We can compare MSHA’s record $10.8 million penalty to the steepest penalty assessed by the Labor Department’s other worker safety enforcement agency—OSHA. Following the 2005 catastrophic explosion at the BP Texas City refinery which killed 15 workers, OSHA assessed a $21 million penalty. (A subsequent penalty of $87 million was proposed by OSHA in 2009 to BP for its failure to comply with a settlement agreement.) In MSHA history, its largest penalty had been the $1.85 million penalty assessed to Robert Murray’s Genwal Resources following the August 2007 disaster that killed 9 workers. To-date Genwal Resources has not paid that penalty because the company contested the citations.

MSHA’s investigation report on the Upper Big Branch disaster describes Massey Energy and Performance Coal Company (PCC) as an employer that “…promoted and enforced a workplace culture that valued production over safety.” The MSHA investigators concluded that “miners were routinely intimidated by PCC and Massey managers. They did not report safety problems at the mine because of fear of retaliation.”

MSHA’s report was made public shortly after the U.S. Attorney for the Southern District of West Virginia announced a settlement with Alpha Natural Resources. The US Attorney, R. Booth Goodwin II, described the agreement as

“the largest-ever resolution in a criminal investigation of a mine disaster. It addresses only the corporate criminal liability of the former Massey, not potential criminal charges for any individual. The criminal investigation of individuals associated with Massey remains ongoing. Alpha has cooperated with the federal criminal investigation since the merger, in addition to implementing a number of safety improvements.”
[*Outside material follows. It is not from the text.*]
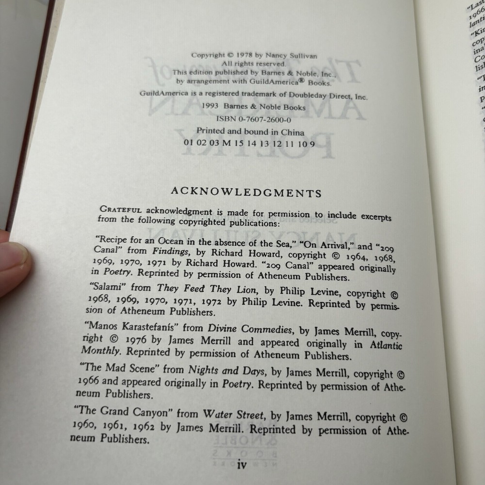 Treasury of American Poetry (1993, Barnes & Noble Leatherbound) American Poets. Condition is Like New. Shipped with USPS Media Mail....

In the deal, Alpha agreed to: resolve contested cases and pay $34 million in unpaid penalties assessed to former Massey mines including those related to the Upper Big Branch disaster; invest $80 million over at least the next two years in safety improvements at its underground coal mines, including new technology and safety training; create a $48 million fund to support mine safety research; and establish a trust fund of $46.5 million to compensate the victims’ families. These commitments total $209 million.
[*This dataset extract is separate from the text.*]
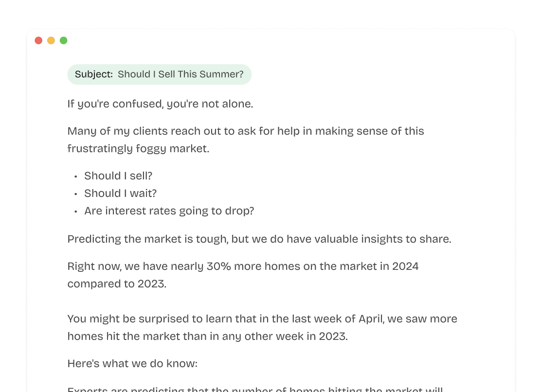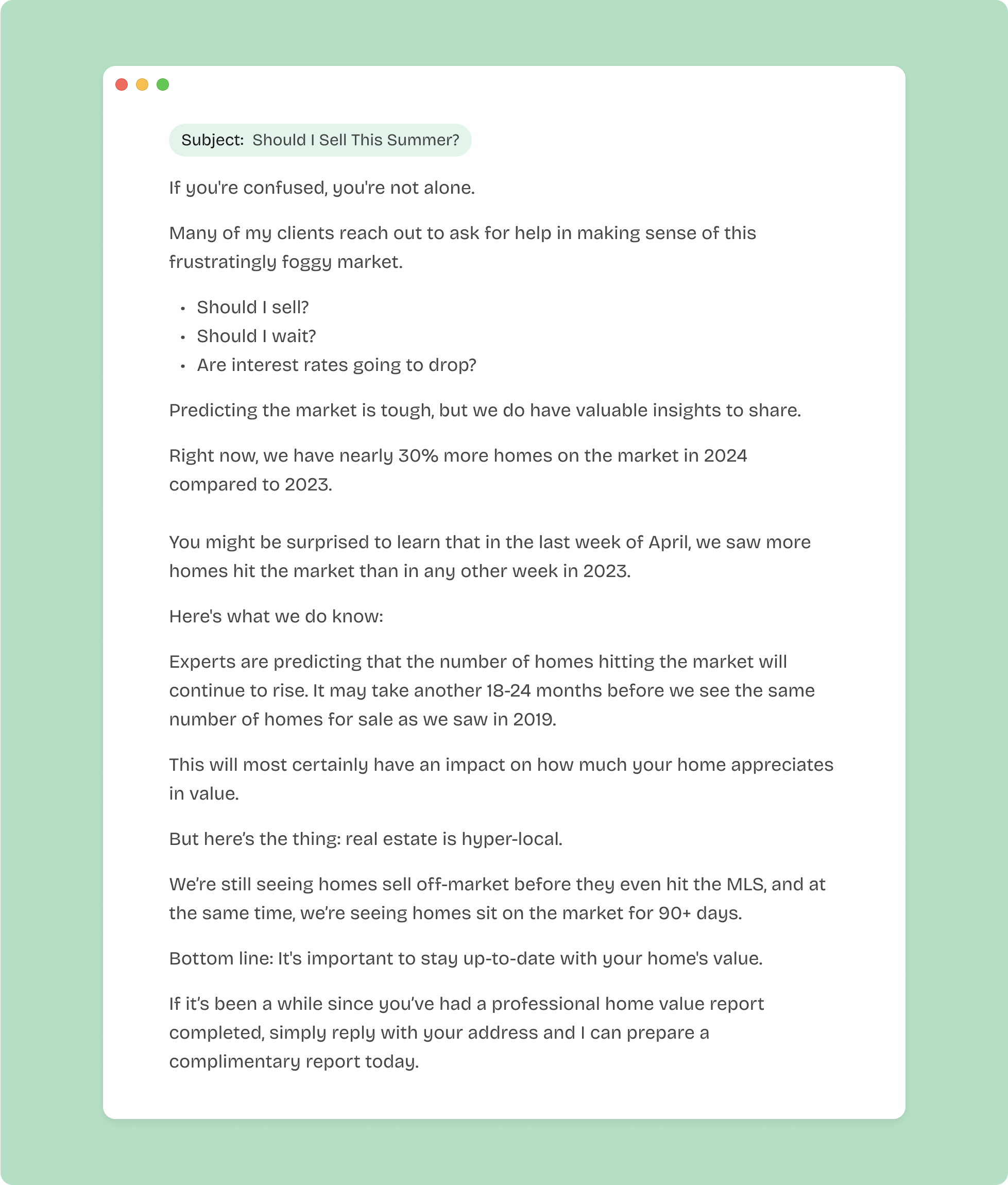 You need a platform that lets you send mass emails to your database. Use what you have—FUB, Follow Up Boss, Mailchimp, KVCore, Constant Contact, etc. If you’re not set up yet, get that handled first. You can’t send if you can’t hit send.

News accounts today are describing the federal government’s action as unprecedented. That may be the case, but does “unprecedented” go far enough to address the industry and company culture that caused the Upper Big Branch disaster?

More on that later.

Celeste Monforton, DrPH, MPH was part of the West Virginia Governor’s Independent Investigation Panel examining the Upper Big Branch disaster. This team released its report in May 2011.

Comments

  1. #1 karl
    December 6, 2011

    “the operator had been cited 33 times in two years”! And the MSHA did not fine them or shut them down? Does MSHA not have the authority to do anything about repeated occurences of violations other than to continue citing them?
    I think the MSHA is complicit in this disaster. Perhaps they should also be fined $10.8M for not doing their job.

  2. #2 Celeste Monforton
    December 6, 2011

    Karl,
    One of the issues we raised in our independent investigation report was why MSHA didn’t ever use the “flagrant” violation against the Upper Big Branch operator in the months leading up to the disaster. The response we received from Labor Dept officials was that this was an issue the agency’s internal review team would be examining. We don’t know yet when this internal review team’s report will be issued.

  3. #3 daedalus2u
    December 7, 2011

    People have to go to jail, or these laws mean nothing.
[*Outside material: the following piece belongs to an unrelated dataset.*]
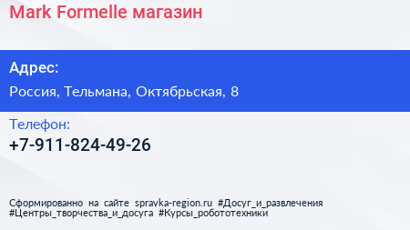 Mark Formelle, магазин по адресу Торговый центр «Ока», Линия Обороны, Простоквашино, Колпино, Тельмановское городское поселение, Тосненский район, Санкт-Петербург, Северо-Западный федеральный округ, 187032, Россия в дальнейшем Организация, размещена в следующих категориях:

    Having read three earlier reports (the Massey report was a joke), this is not a close call. If these flagrant violations are not prosecuted, then why bother having rules that are called laws?

    Usually, actions that break laws are called “crimes”, and when people die during the commission of crimes, the people who committed those crimes and caused those deaths are prosecuted for murder.

    I heard a news report yesterday talking about how to punish a corporation, that you can’t put a corporation in jail.

    You can’t put a corporation in jail, but you can execute it. If you wipe out the shareholders, that is confiscate all the assets and leave the shareholders with nothing, then perhaps the shareholders will require that management follow the law.